Saved entries -
+---+

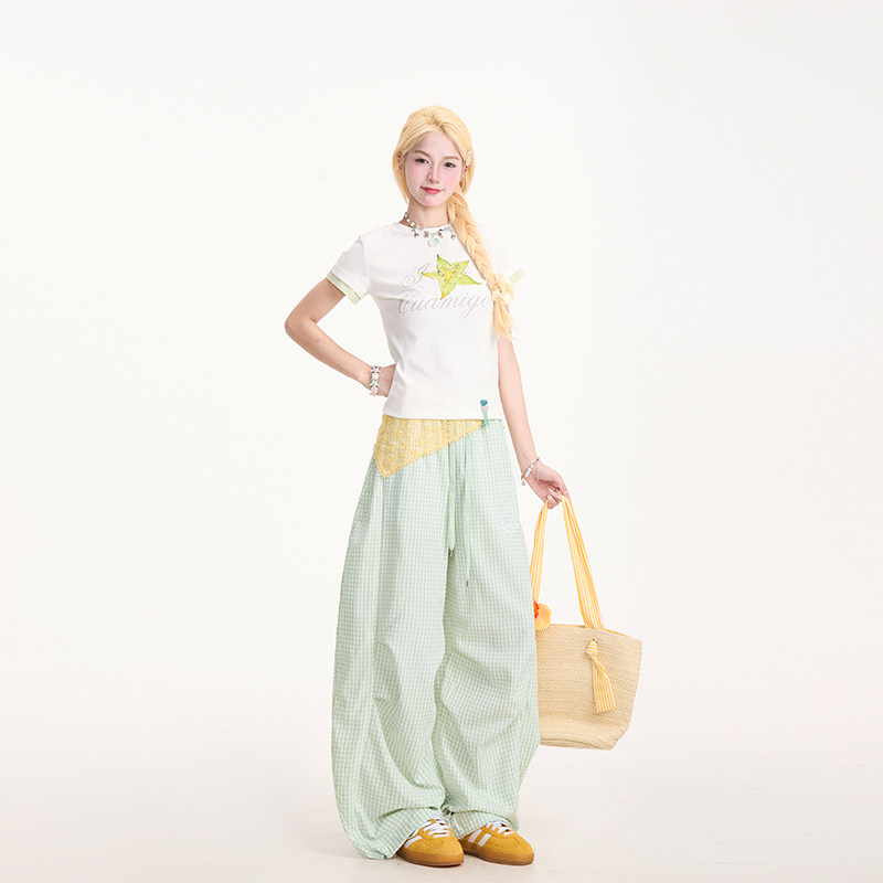 NERESUM杨桃印花格纹拼接短袖
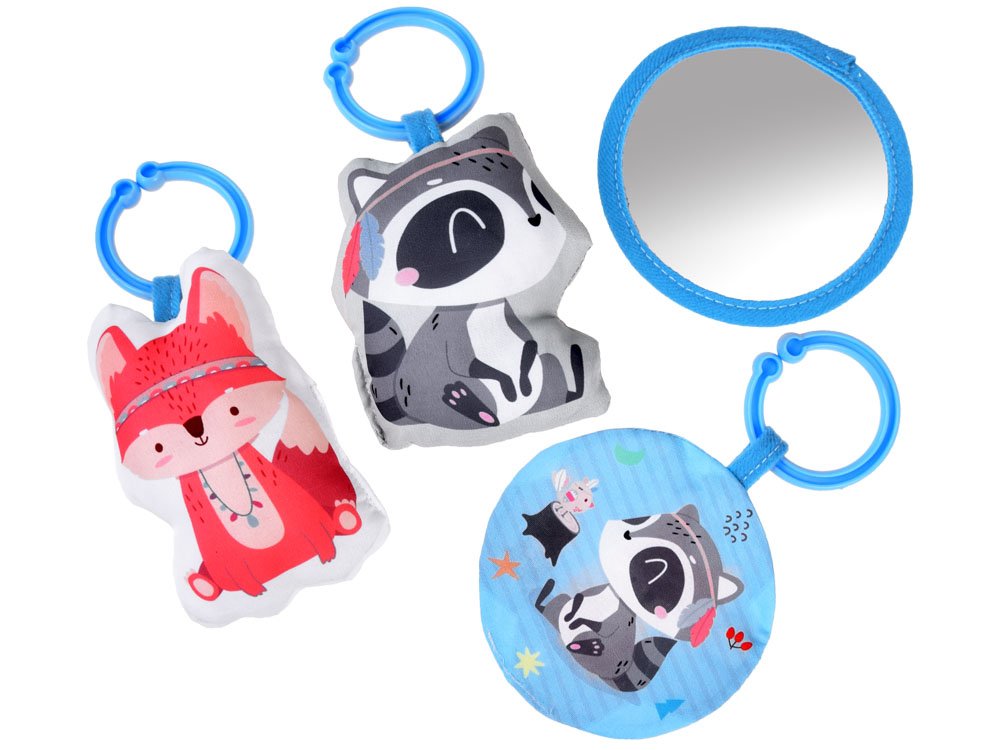 – 2 x mekane igračke od tkanine sa zvonom iznutra (crvena lisica, bijela, siva jazavac)
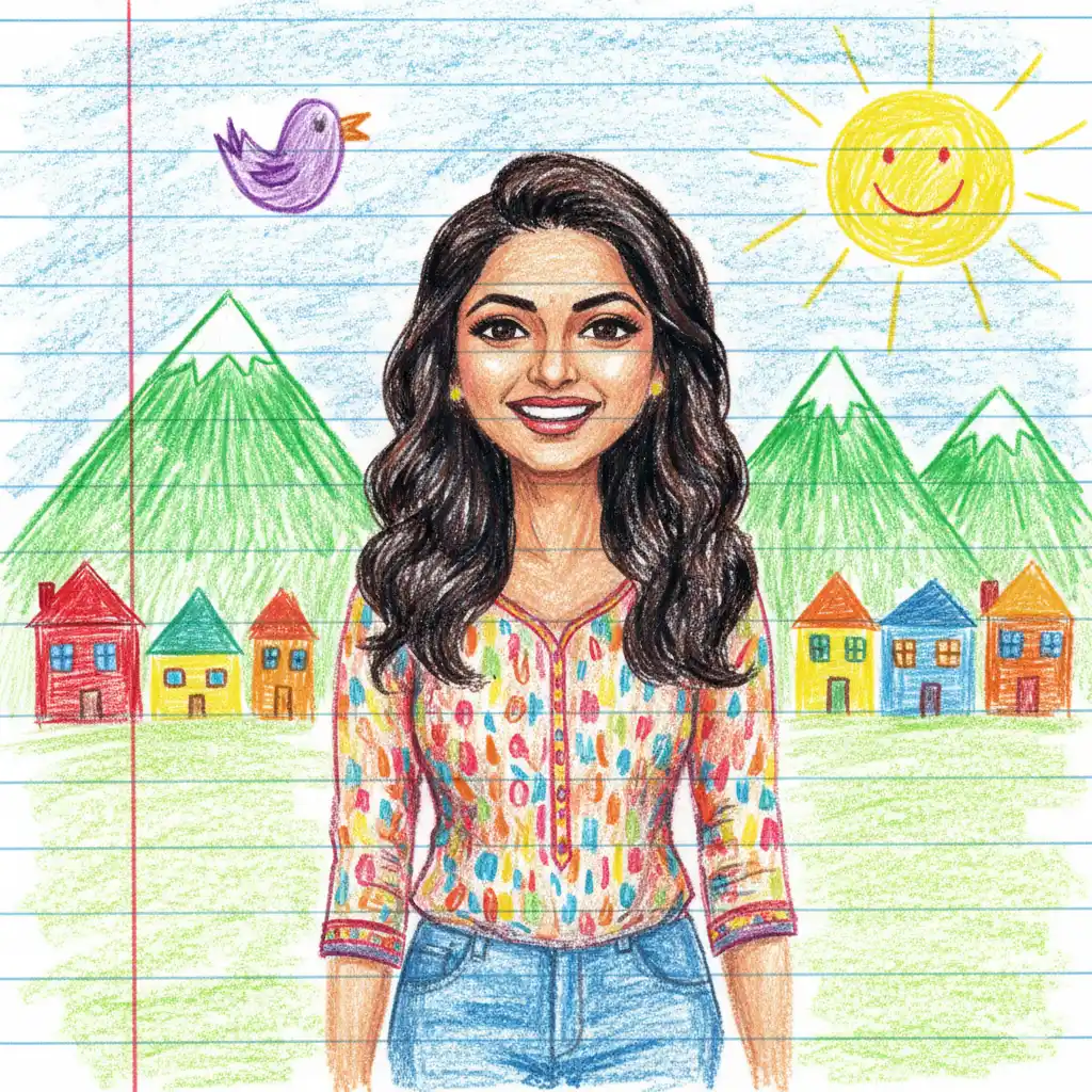 Transform the reference image into a cute crayon-style drawing on lined paper.Keep the original face shape, skin tone, hairstyle, expression, and clothing exactly as in the photo, but reimagine them with rough, uneven strokes and sharp outlines.• Use bright colors and random-looking textures, as if drawn by a child using crayons.Background: Add green crayon-drawn mountains, a bright yellow sun, an “M”-shaped bird, and colorful scribble-style houses.• Place the drawing on blue lined paper with a single red vertical line along the edge.• Maintain the general proportions of the person, but simplify the details to make it look more childlike and caricature-like.• Add some scribbles or imperfections to make it appear spontaneous and playful. 4:5 aspect ratio, notebook-style vertical design.”
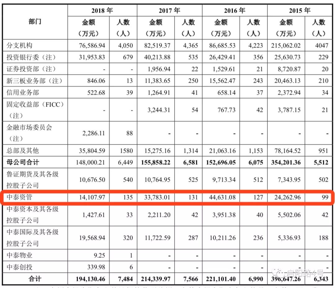 招股书中披露了中泰证券不同业务线的员工收入水平:投行业务人均年收入47万,信用业务人均年收入13万,中泰资管的人均收入高达104.5万,是唯一一个人均年收入过百万的业务部门。
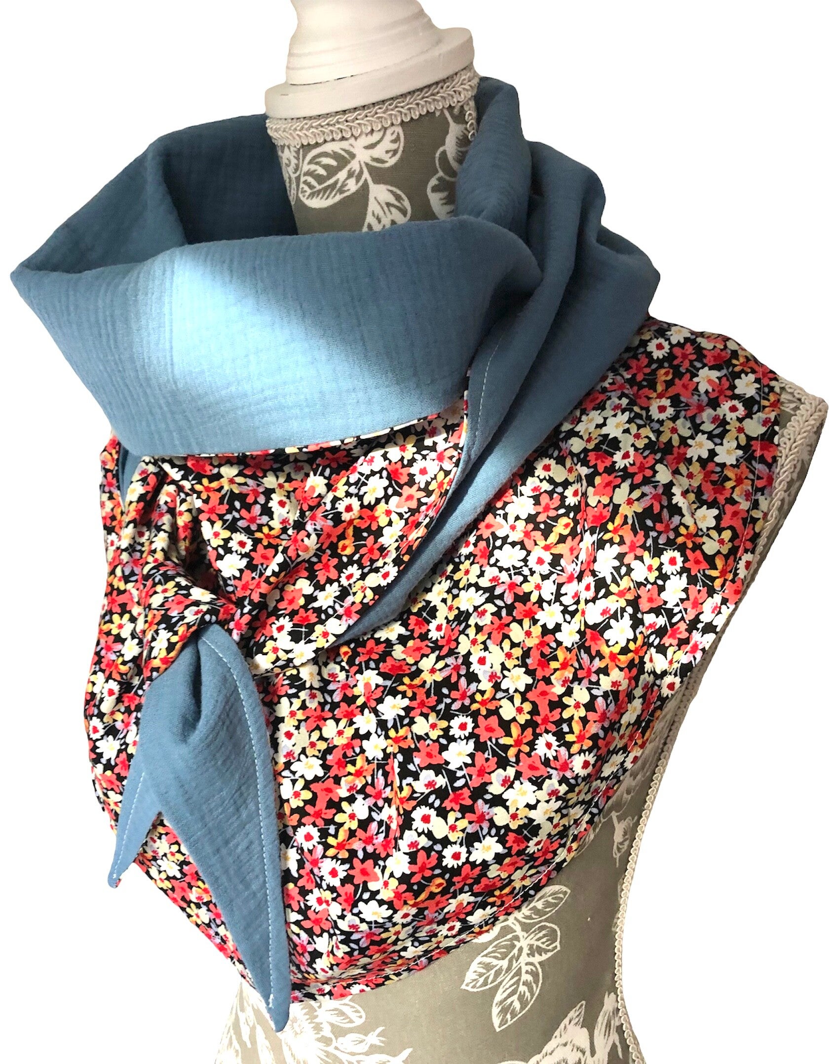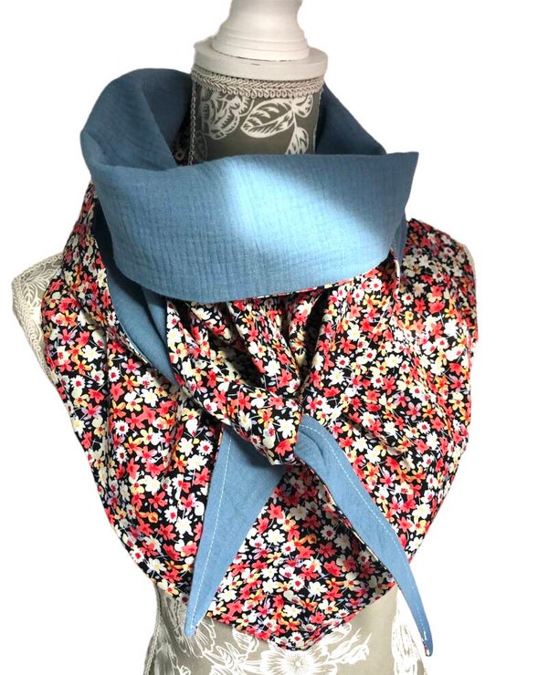 Chèche léger et idéal à porter en toutes saisons! Il est en forme triangle et peut se porter des deux côtés selon l’effet souhaité: plus coloré ou plus simple du côté uni.

+---+

WORK TO COMPLETE -
Please set down exactly the lines from the first line of the data above through the line with "bijela, siva jazavac)", both included, leaving out the pictures.

THE ANSWER -
 NERESUM杨桃印花格纹拼接短袖
 – 2 x mekane igračke od tkanine sa zvonom iznutra (crvena lisica, bijela, siva jazavac)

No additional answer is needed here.